I have been thinking a lot about parenting and what I hope people get out of this blog. I want this to be a place for moms to come to find ideas and feel appreciated. I want this to be uplifting and never discouraging. I want this to be a source of clarity and stress-relief. Because of these goals, I think I'll re-focus my structure. Originally I wanted to have a theme for every month and focus every post on that theme. Now that this blog is up and running, I find that I would rather go with the flow because I so enjoy learning about everyone's individual approaches to parenting.
So let's scrap the "theme" idea and just have a good old-fashioned discussion!
On that note, let's talk about schedules. If I were to describe myself and my approach to parenting/homemaking, I would say I'm pretty relaxed. Some things are just not worth stressing over (especially when you have little kids). In fact, the idea of giving myself deadlines in parenting/homemaking stresses me out! It frustrates me when I don't get something done that I had every intention of accomplishing... just because life got in the way.

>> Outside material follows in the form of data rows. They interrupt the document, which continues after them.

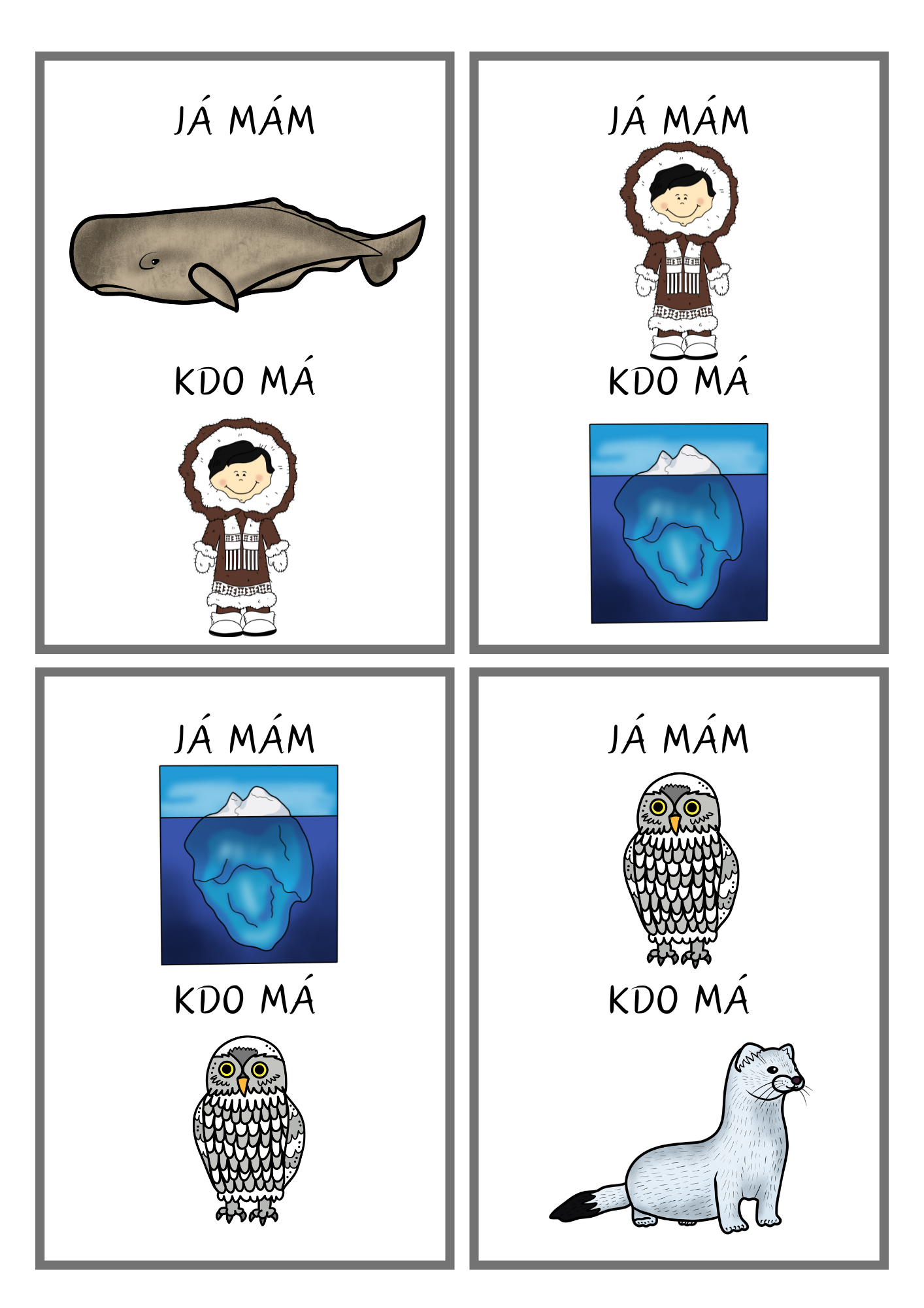 - Sada 22 barevných a 22 černobílých obrázků z polárních oblastí.
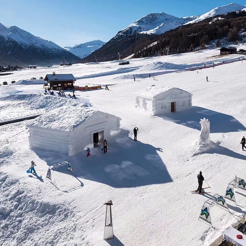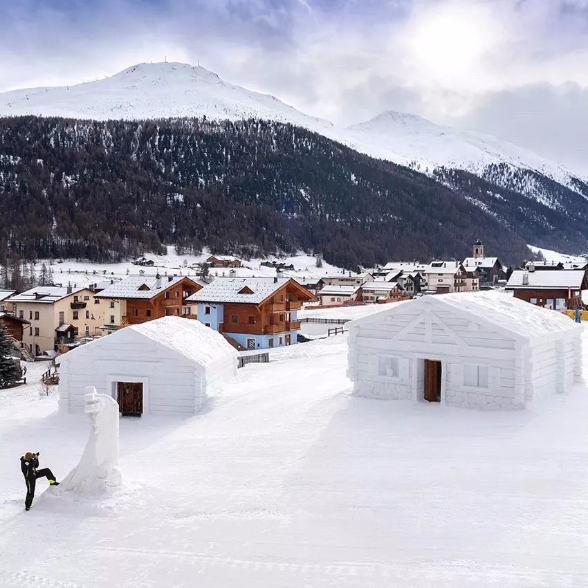 意大利人卻在大雪里,蓋了兩棟雪屋。
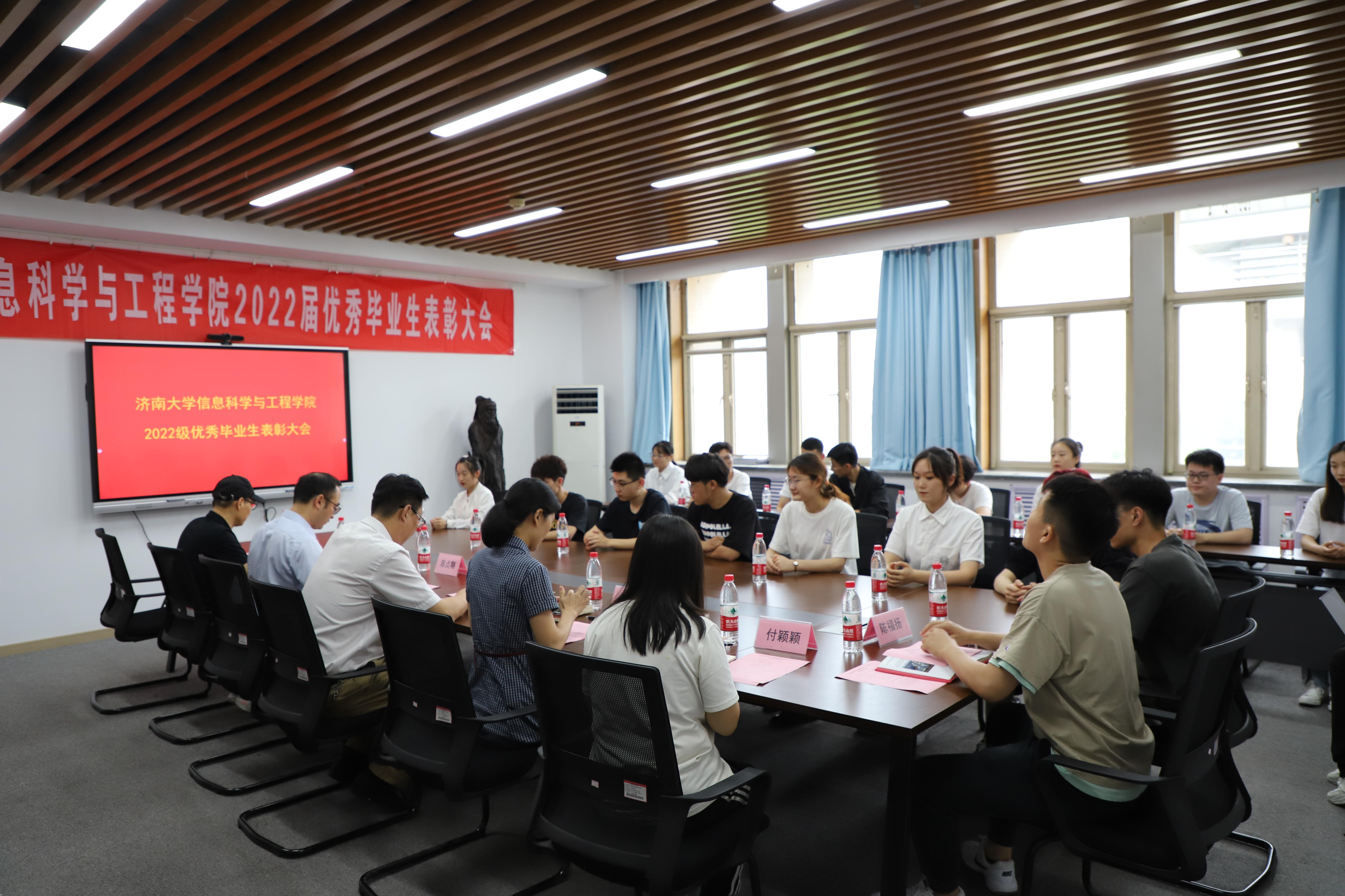 为做好2022届优秀毕业生的表彰工作,树立典型,表彰先进,进一步促进良好院风、学风建设,引导毕业生坚定理想信念,扣好步入社会的第一粒扣子,6月10日上午,beat365vip官网登录入口召开2022届优秀毕业生表彰大会。学院党委书记李超、院长陈贞翔、副院长荆山、全体学工人员以及2022届优秀毕业生代表参加会议。会议由党委副书记、副院长董晓慧主持会议。

So instead of giving myself a schedule, I decided to give myself a general daily routine and to-do list. It includes things like exercising, going to the store, putting kids down for naps, taking a shower, making dinner, etc. It seems to work pretty well for me. But the routine is basically the same for every day. And because I try to hit all the big things on my to-do list, all the little things that need to get done start stressing me out. Things like sweeping the floor, folding the laundry, doing the dishes, playing with my kids etc. I try to fit them in whenever I have a moment of downtime... which sometimes NEVER happens. And since it's impossible to do everything during nap time which sometimes doesn't happen, I start getting stressed.
Then I decided to set a day for doing laundry -- Wednesday -- so that every time I start stressing out over laundry I can tell myself "It's OK, I'll do it on Wednesday. I can worry about something else right now." And so far, it's working pretty darn well. Who knew that making a schedule and setting a deadline could actually reduce stress instead of increase it? (probably everyone but me, but I finally figured it out for myself).
So I'm trying a new approach. I think I need a schedule, even though that word scares me a little bit. But I can't make it too detailed or else I'll start getting frustrated when my kids don't let ME get the things I WANT to get done (see how silly and selfish it sounds? My goal in making a schedule is to take care of my kids in an organized manner... this should reduce stress to I can be a better parent... not give me another excuse to be stressed and selfish!)
I want a few days a week when I don't have to worry about cleaning and/or cooking. I want a day when I can completely ignore house work to read a book or play with my kids. I don't want to go grocery shopping more than once a week. Some things you just have to do every day (dishes) but it doesn't mean you have to stress out about it. I'm slowly learning to ignore certain things so I can do more important things (yes, I think it is a skill to know when and how to ignore things, even if it's house work!) For example, I am learning to ignore the dishes in the sink until after the girls are in bed. No big deal!
So here it is (tentatively). I did not include my personal daily routine things (like nap time), just my "to-do-at-home" things:
Monday -- grocery shop. cook and freeze left overs
Tuesday -- kitchen. sweep/mop. vacuum. Eat freezer meal.
Wednesday -- laundry. organize. playgroups. cook? baths.
Thursday -- kitchen. bathrooms. Eat freezer meal. Mom/Dad night out (for visiting/home teaching, girl's night, church meetings etc)
Friday -- sweep. mop. organize. Free time for reading. Date night?
Saturday -- play with dad day. take out trash. vacuum. baths.
Sunday -- rest.
I have a feeling this will change a lot over the next few weeks, but it's such a relief to have a starting point.
What is your approach to house work and play time? How do you prioritize what needs to get done and when? How do you get your kids to help out?